1. The Prerequisite: License to Sell (LTS)
Before a developer can validly sell or even offer for sale any lot in a subdivision project, they must secure a Certificate of Registration and a License to Sell (LTS) from the Department of Human Settlements and Urban Development (DHSUD) (formerly the HLURB).
- Buyer’s Right: A buyer has the right to demand proof of the LTS.
- Consequence of Absence: Selling without an LTS is a criminal offense. While the contract remains valid to protect the buyer, the developer faces administrative fines and potential imprisonment.
2. Right Against Non-Forfeiture of Payments (Section 23, PD 957)
One of the most powerful provisions in Philippine real estate law is Section 23 of PD 957. This applies specifically when a developer fails to develop the project according to the approved plans or within the time limit.
- The Rule: If the developer defaults (e.g., stops construction or fails to deliver the lot on time), the buyer may:
- Desist from further payment: The buyer can stop paying monthly installments.
- Demand a full refund: The buyer is entitled to the total amount paid (including amortizations, interests, and even taxes) with legal interest, without any deductions.
- Notice Requirement: The buyer must notify the developer of their intention to stop payment due to the default.

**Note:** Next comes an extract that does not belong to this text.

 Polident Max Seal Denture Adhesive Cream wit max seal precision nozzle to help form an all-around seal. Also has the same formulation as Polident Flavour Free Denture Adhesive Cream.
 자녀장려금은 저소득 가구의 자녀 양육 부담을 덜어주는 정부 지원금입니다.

3. Rights Under the Maceda Law (RA 6552)
While PD 957 covers developer defaults, the Maceda Law protects buyers who default on their installment payments after having paid at least two years of installments.
| Duration of Payments | Rights of the Buyer |
|---|---|
| At least 2 years paid | Grace Period: 1 month for every year of installments paid (used once every 5 years). |
| Cash Surrender Value: If the contract is cancelled, the buyer gets 50% of total payments + 5% per year after 5 years (up to 90% total). | |
| Less than 2 years paid | Grace Period: Not less than 60 days from the date the installment became due. |
| Cancellation: If unpaid after the grace period, the developer can cancel after 30 days of notice via notarial act. |
4. Delivery of Title and Facilities
Developers are legally obligated to deliver the Transfer Certificate of Title (TCT) to the buyer upon full payment.

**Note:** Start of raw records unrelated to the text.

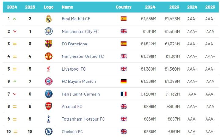 Brand Finance2024最具价值俱乐部排名:皇马居首,曼城第二
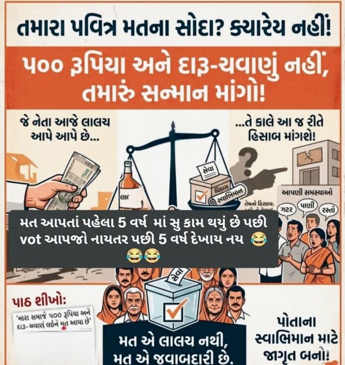 પાંચસો રૂપિયા અને દારૂ-ચવાણું નહીં, આ વખતે તમારું ‘સન્માન’ માંગો! તમારો એક કિંમતી વોટ લાલચને નહીં, પણ લાયકાતને આપો.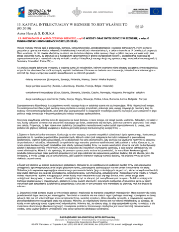 15. KAPITAŁ INTELEKTUALNY W BIZNESIE TO JEST WŁAŚNIE TO (05.2010) Autor Henryk S. KOLKA 15. ROZWAśANIA O WSPÓŁCZESNYM BIZNESIE, czyli O WIEDZY ORAZ INTELIGENCJI W BIZNESIE, a więc O FUNDAMENTACH KONKURENCYJNOŚCI (05.2010) Prawie wszyscy mówią dziś o globalizacji, biznesie, konkurencyjności, przedsiębiorczości i sukcesie biznesowym. Mówi się teŜ o gospodarce opartej na wiedzy, własności intelektualnej i wartościach niematerialnych, a takŜe o transferze IP (intellectual property). Mam wraŜenie, Ŝe nie zawsze chodzimy po ziemi, nie do końca zdajemy sobie sprawę z tego w jakim miejscu jest nasz kraj i jaka droga jest przed nami, by zrównać się z najlepszymi (przynajmniej w gronie europejskich krajów). Bezpośrednią inspiracją do zaprezentowania tych rozwaŜań stały się wnioski z analizy i klasyfikacji naszego kraju wg syntetycznego wskaźnika innowacyjności ( Summary Innovation Index-SSI)... Ta analiza została dokonana w oparciu o waŜoną sumę 29 wskaźników, którymi oceniono róŜne obszary związane z innowacyjnością w tym liczba absolwentów szkół wyŜszych, wydatki budŜetowe i firmowe na badania oraz innowacje, infrastruktura informacyjna – internet itp. Kraje europejskie zostały sklasyfikowane w czterech grupach: -liderzy innowacyjni (Szwajcaria, Szwecja, Finlandia, Niemcy, Dania i Wielka Brytania) -kraje goniące czołówkę (Austria, Luksemburg, Irlandia, Francja, Belgia i Holandia) -umiarkowani innowatorzy (Cypr, Estonia, Słowenia, Islandia, Czechy, Norwegia, Hiszpania, Portugalia i Włochy) -kraje nadrabiające opóźnienia (Malta, Grecja, Węgry, Słowacja, Polska, Litwa, Rumunia, Łotwa, Bułgaria i Turcja). Zaprezentowana klasyfikacja i szczegółowe wyniki naszego kraju w ostatniej ocenie nie są imponujące. Mnie niepokoi coś innego. Ta rankingowa klasyfikacja jest swoistą miarą myślenia o swojej przyszłości, pokazuje jaką uwagę przywiązuje oceniany kraj do budowy nowoczesnej gospodarki, jakie jest jego zaangaŜowanie w osiągnięcie wysokiego poziomu rozwoju i jakie znaczenie w jego polityce mają inwestycje w budowę potencjału wiedzy swojego społeczeństwa. PowyŜsza klasyfikacja skłoniła mnie do spojrzenia na świat biznesu z nieco innego, niŜ dotąd punktu widzenia. Zakładam, Ŝe kaŜdy z nas, kaŜdy człowiek biznesu chce zrozumieć otaczający go świat, zastanawia się nad tym, jakie ma szanse w przyszłości i od czego one zaleŜą. Proponuję, by tym razem moi czytelnicy (szczególnie menedŜerowie) wykorzystali zaprezentowane tu uwagi, jako pretekst do głębszej refleksji związanej z budową przyszłej pozycji konkurencyjnej swojej firmy ... 1.śyjemy w świecie konkurencyjnym. Konkurują na nim wszyscy, w prawie wszystkich dziedzinach Ŝycia społecznego. Konkurencja gospodarcza to rywalizacja podmiotów gospodarczych, których celem jest osiągnięcie korzyści związanych z prowadzoną działalnością. Ogólnie moŜna powiedzieć, Ŝe ta działalność ma sens ekonomiczny, gdy pozwala na uzyskanie nadwyŜki w stosunku do poniesionych nakładów. Niezdolność do spełniania tego warunku powinna wyeliminować taki podmiot z rynku. Oznacza to, Ŝe rynek ocenia konkurencyjność produktów oraz oferty rynkowej kaŜdej firmy i w swoim werdyktem stwarza warunki do kontynuacji działań i dalszego rozwoju tym firmom, które te oczywiste dla wszystkich wymagania spełniają, a daje sygnał ostrzegawczy lub nawet eliminuje te, które ich nie spełniają. W pewnym uproszczeniu moŜna teŜ powiedzieć, Ŝe warunkiem konkurencyjności produktu (oferowanego przez podmiot gospodarczy) jest jego zdolność do zapewnienia wartości dodanej tak dla klienta, jak i dla inwestora, a wyrób uznaje się za konkurencyjny, jeśli zapewni klientowi większą wartość dodaną, niŜ produkt rywala (o czym niekiedy zapominamy). 2.Świat jest obecnie w okresie postępującej globalizacji. Oznacza to, Ŝe podstawowym zadaniem kaŜdej firmy jest opanowanie umiejętności sprawnego poruszania się po globalnym rynku, postrzegania zachodzących na nim zmian i rozumienia ich istoty. Globalizacja to wyzwanie wymagające nieustannego poznawania świata (jego zmieniających się potrzeb, ale teŜ nowych moŜliwości) oraz duŜej zdolności do ciągłego gromadzenia, selekcjonowania, weryfikowania, aktualizowania i hierarchizowania wiedzy o rynkach. Wobec nieustannie i szybko następujących zmian kaŜdy musi nieustannie uczyć się tego świata, musi umieć swoje stare umiejętności korygować, a nowe zdobywać i umiejętnie łączyć ze starymi, juŜ zweryfikowanymi na rynku. To takŜe umiejętność trafnego lokalizowania w rozpoznanym, globalnym rynku swoich obecnych i przyszłych moŜliwości. Zrozumienie czym w takich warunkach jest zarządzanie działalnością gospodarczą i jaka jest w tym procesie rola menedŜera to pierwszy krok na drodze do sukcesu. 3. Zrozumieć świat biznesu, swoje w tym świecie szanse i moŜliwości to marzenie wszystkich menedŜerów, które niestety dla wielu przedstawicieli tego zawodu jest nieosiągalne. Ten świat w zasadzie nie ma stałych reguł i jednego słusznego rozwiązania w danej sytuacji. Nie ma teŜ uniwersalnego stylu zarządzania firmą, swoistej receptury, która dawałby pewność, a przynajmniej wysokie prawdopodobieństwo osiągnięcia przez nią sukcesu. Mówimy, Ŝe współczesny biznes jest na wskroś intelektualny co oznacza, Ŝe kaŜdą w nim sytuację trzeba rozpatrywać indywidualnie. Mówimy teŜ, Ŝe obecny etap, to etap gospodarki opartej na wiedzy, a dla znalezienia skutecznego (konkurencyjnego) rozwiązania problemu biznesowego niezbędna jest coraz bardziej zaawansowana wiedza, coraz wyŜszy poziom umiejętności oraz coraz sprawniej działająca wyobraźnia. ZA®ZĄDZANIE WŁASNOŚ©IĄ INTELEKTUALNĄ Dotacje na innowacje • Inwestujemy w waszą przyszłość Krajowa Izba Gospodarcza Biuro Projektów 00-074 Warszawa, ul. Trębacka 4; tel.: (022) 630 96 87; 630 98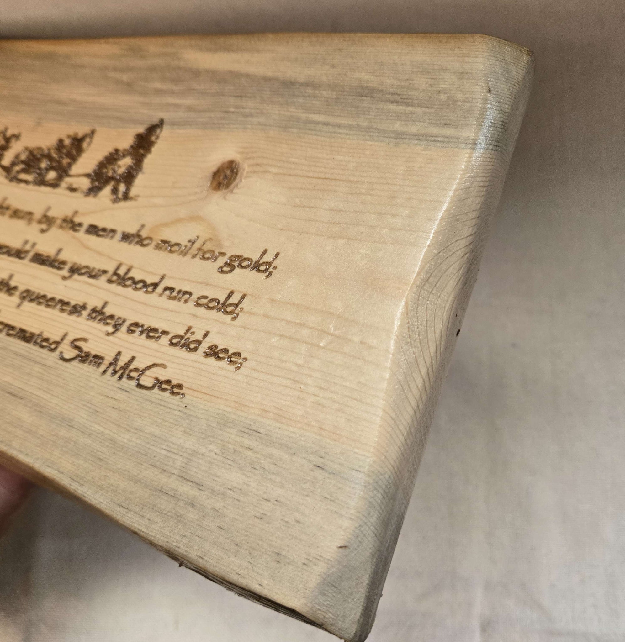 The Quote Planks are made from a Montana grown Lodge Pole Pine and repurposed from a log used for decor for several decades in an A16 mountain shop. You should expect to find natural and/or other human or animal caused blemishes such as cracks, knots and/or an occasional nail or bug hole. If you're lucky, some bluing stain is visible. Bluing is caused by fungi which was initially transmitted by mountain pine beetles. Each plank is a unique, one-of-a-kind piece of art.

- Registration Fees: Unless otherwise stipulated, the developer typically bears the expenses for the registration of the project. However, the buyer usually pays for the transfer taxes and registration fees for the individual title.
- Basic Facilities: The developer is mandated to complete the roads, drainage, water, and electrical systems as indicated in the approved subdivision plan. Failure to provide these constitutes a breach of contract and a violation of PD 957.
5. Protection Against Encumbrances
A common dispute arises when a developer mortgages the entire subdivision to a bank to finance construction.
- Required Clearance: Under Section 18 of PD 957, no mortgage on any unit or lot can be made by the developer without prior written approval from the DHSUD.
- Buyer's Protection: Even if the developer defaults on the bank loan, the bank cannot easily foreclose on a lot that has been fully paid for by a buyer, provided the buyer can prove the payments and the developer's failure to obtain DHSUD clearance.
6. Alterations and Homeowners' Associations
- Alterations: Developers cannot alter the approved subdivision plan (e.g., turning a park into more residential lots) without the written permission of the DHSUD and the consent of the Homeowners' Association (HOA) or the majority of the lot buyers.
- Real Estate Tax: Before the title is transferred to the buyer, the developer is responsible for paying the real estate taxes on the lot.
7. Legal Remedies and Jurisdictions
When disputes arise—whether regarding delays, refunds, or poor construction—the buyer should know where to seek redress:
- DHSUD (Administrative): The DHSUD has quasi-judicial powers. It is the primary body that hears cases involving developer defaults, refund claims, and violations of PD 957. Their proceedings are generally faster and less technical than regular courts.
- Office of the President: Decisions from the DHSUD Secretary can be appealed to the Office of the President.
- Regular Courts (Civil/Criminal): For claims of damages or criminal prosecution for estafa (if the developer sold the same lot twice or used fraudulent schemes), the Regional Trial Courts have jurisdiction.
Key Takeaway: A buyer’s strongest position is one of documentation. Always keep receipts, copies of the notarized Contract to Sell, and any marketing brochures, as these form part of the developer’s warranties. In the event of a developer’s failure to finish the project, the law is explicitly skewed in favor of the buyer’s right to a 100% refund.